ゴブリンから助けた女性の治癒呪文は僕に確かな効力を発揮した。


「ふう、これで大丈夫ね」

「心配かけてすいません」


 取り敢えず、危機的状況から脱する事は成功した。




 僕の治療を終えると、何より優先で行う事は”着替え”だ。


 師匠はまるで衣服に乱れすら無いが、僕はゴブリンに上半身の服はボロボロにされ、下半身のショートパンツも脱がされかけてしまっていた。


 ゴブリンに襲われていた女性に至っては、体に纏わりついているのは布切れとしか言いようがなく、服の機能を果たしていない。


 流石にこんな姿で歩き回るのは、痴女じゃあるまいしあり得ない。


 冒険を行うに当たって、着替えの服も持ってきていたのが幸いした。


「下着が無事なのは幸いね。

 あ、ショートパンツも変えなさい。

 ゴブリンの返り血で酷い有様よ」


 そんな師匠のアドバイスの元、替えの服を着用した。


 脱いだショートパンツは本当に酷いとしか言えない有様だった。


 敗れかけている上に臭いが強いゴブリンの血が大量についている。


 戦闘中に気付かないでいたのは錯乱状態だったからに他ならない。


 もはや二度と穿きたくないので、雑巾にでもするか…、いや、やっぱり捨てる一択だね。

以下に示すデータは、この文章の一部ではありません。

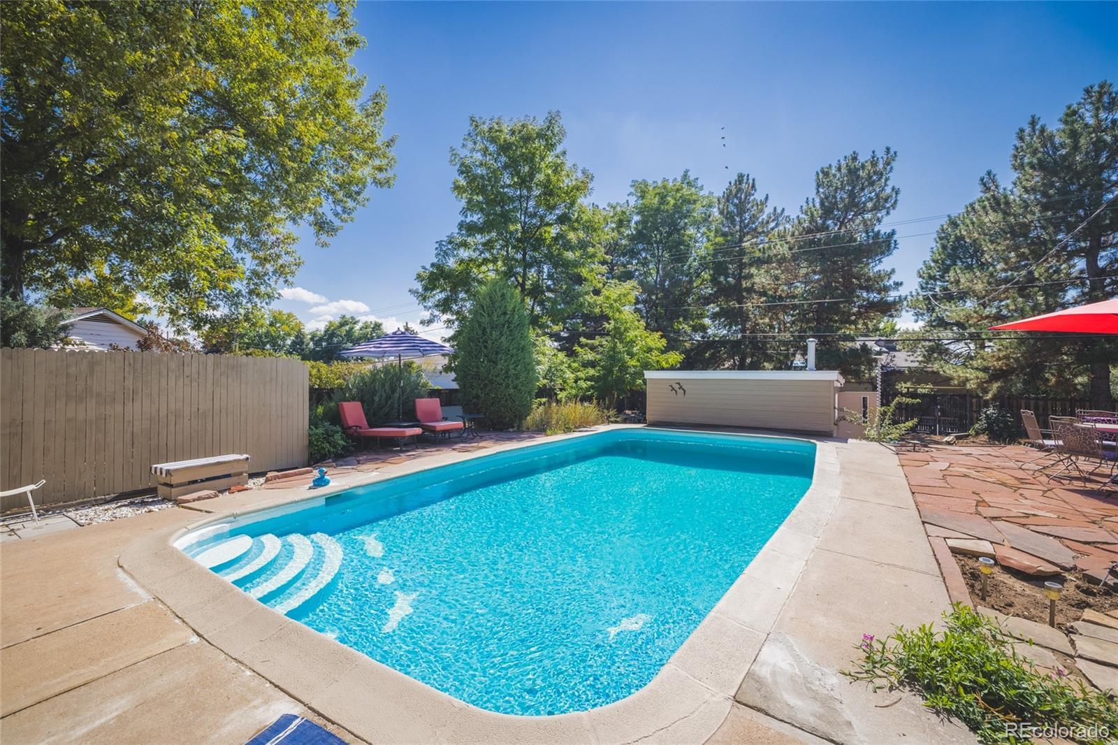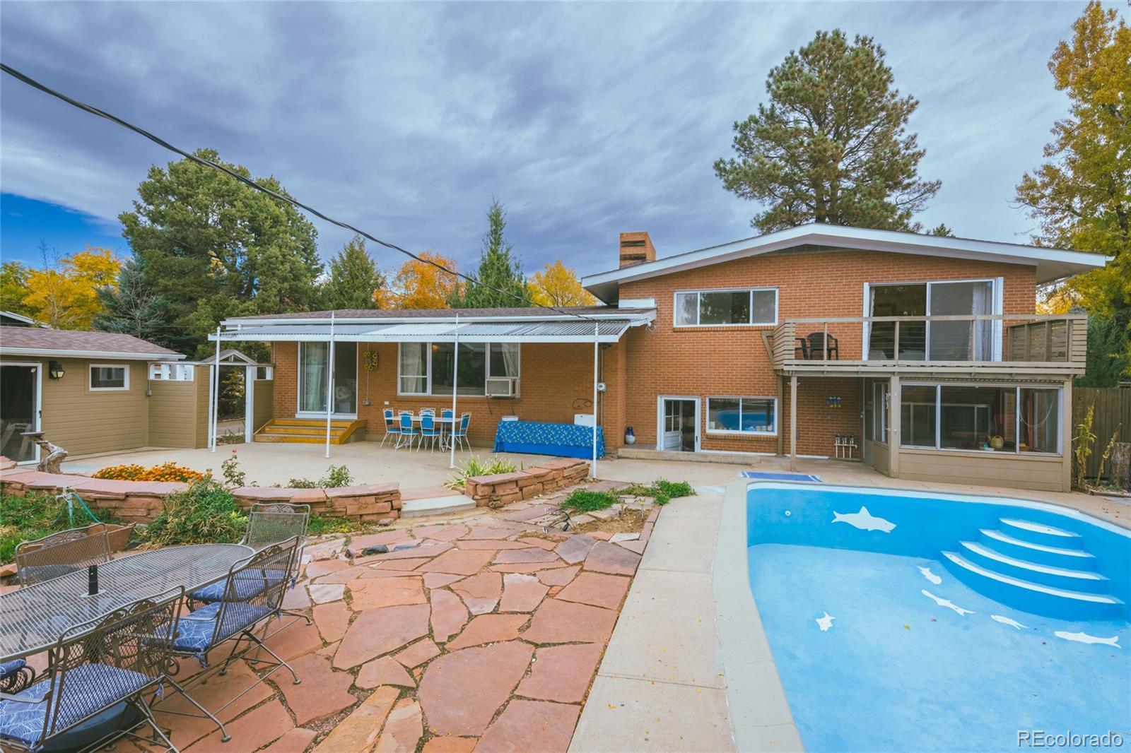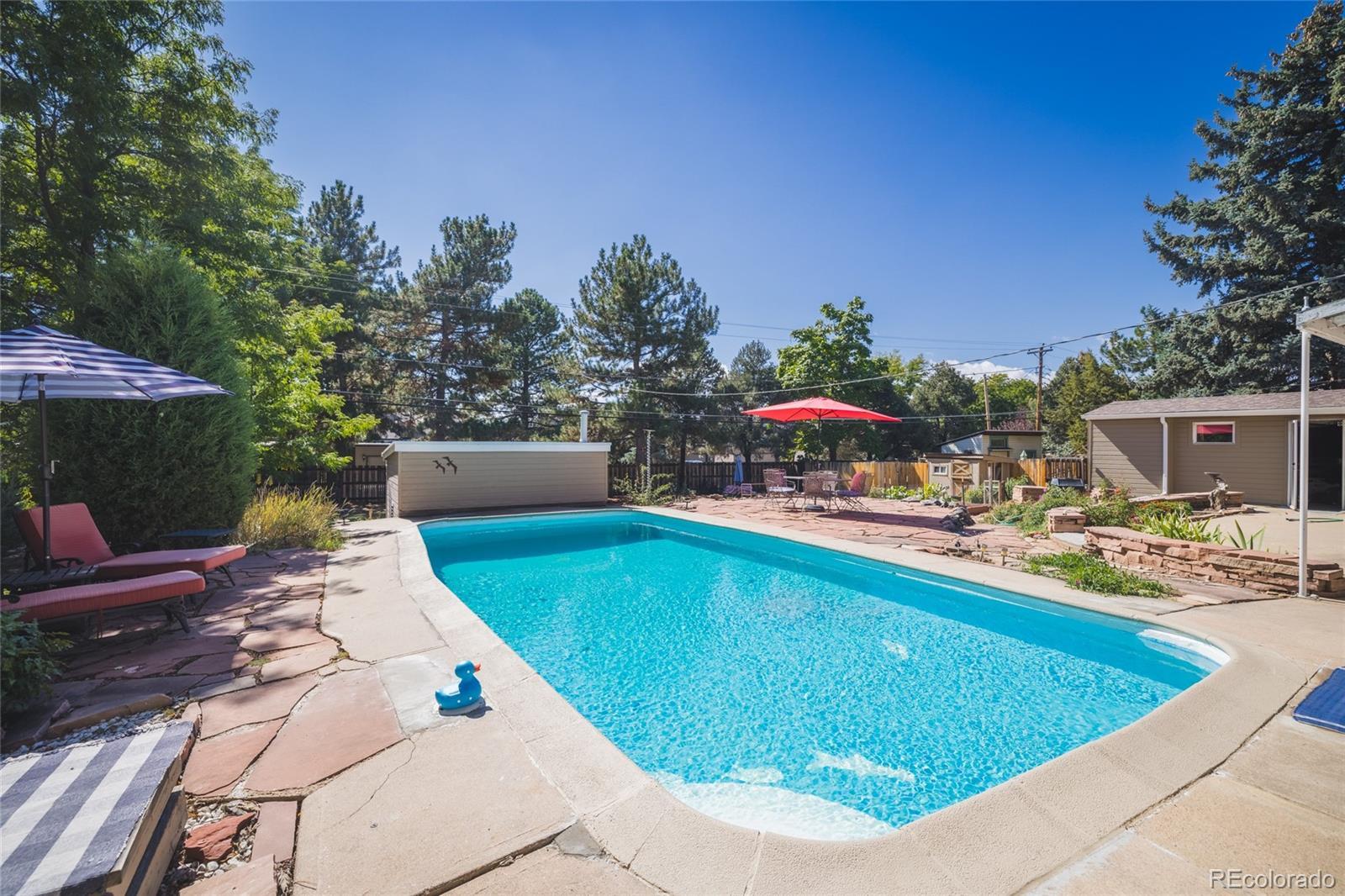 Nestled within one of Littleton’s most distinguished neighborhoods, 7332 West Stanford Avenue sits on an expansive 0.54-acre lot (23,914 square feet) in the quiet, tree-lined enclave of Lochmoor. Step inside to discover abundant natural light, vaulted ceilings with exposed beams, and the framework for your personal touches. The tri-level design and basement gives separation of space across more than 3,400 square feet. With five bedrooms and two baths, this classic 1957 mid-century brick home offers the perfect blend of vintage character and potential. On over a half-acre lot, this property delivers outdoor freedom within city limits — a beautifully landscaped backyard sanctuary featuring mature trees, a private pool, garden, golf putting green, spacious chicken coop, astroturf lawn, and an expansive flagstone patio for relaxing or entertaining, equipped with an exterior gas line for your grill or future expansion. The oversized garage and sheds offer ample storage. This home gives you access to the best of Littleton — located near highly rated schools, close to shopping, dining, and services, within an established and coveted community.

 そしてゴブリンに襲われていた女性には師匠の服を貸す事になった。


 ただ、その女性は

(胸、きつくないのかな...)


 絶対に師匠の前では言えない心配をしてしまう体型をしていた。




「さて、着替えも済んだし早速だけど...」


 師匠が真面目な表情で女性と相対した。


 女性も少し緊張した面持ちになっている。


 そして

「本当にありがとう。

 貴方の治癒魔法のおかげで私の大事な弟子が助かったわ」

そう言って、深々と頭を下げた。


 師匠は色々と非常識な言動が目立つが、こういった時はまともな対応が出来る。


 これがいつもなら、最高の師匠なんだけどな...。


 そんな師匠の対応に女性は面白い程狼狽している。


「え、その、頭を上げて下さい」


 そういいながら、僕に視線で助けを求めて来た。


 しかし

「ありがとうございます。

 おかげで問題なく動けそうです」

僕も頭を下げる。


 こういう事は師匠を見習うまでもなく、しっかりとしておかないと。


「な、なんなんです?

 なんで助けられた私が頭を下げられてるんですか?

 これは虐めですか?嫌がらせですか?

 私何か悪い事をしてしまいましたか?

 お願いですから頭を上げて下さ~い!」


 女性はもう涙目になっている。


 見た目は20歳位だが、精神的にちょっと幼いのかもしれない。


 兎も角、これ以上困らせると本当に虐めになってしまう。


 僕も師匠も頭を上げて、改めて女性と相対する。




「先ずは自己紹介ね。

 私は『アリシア=ベルツ』。

 こう見えても、子爵級冒険者よ」


 この『セレステ』に於いて冒険者は大きく貴族級冒険者と平民級冒険者に分けられる。


 貴族級は公・侯・伯・子・男の五段階、つまり貴族の爵位の呼び方でランク分けされている。


 その下に平民級があり、駆け出しの僕はまだ平民級だ。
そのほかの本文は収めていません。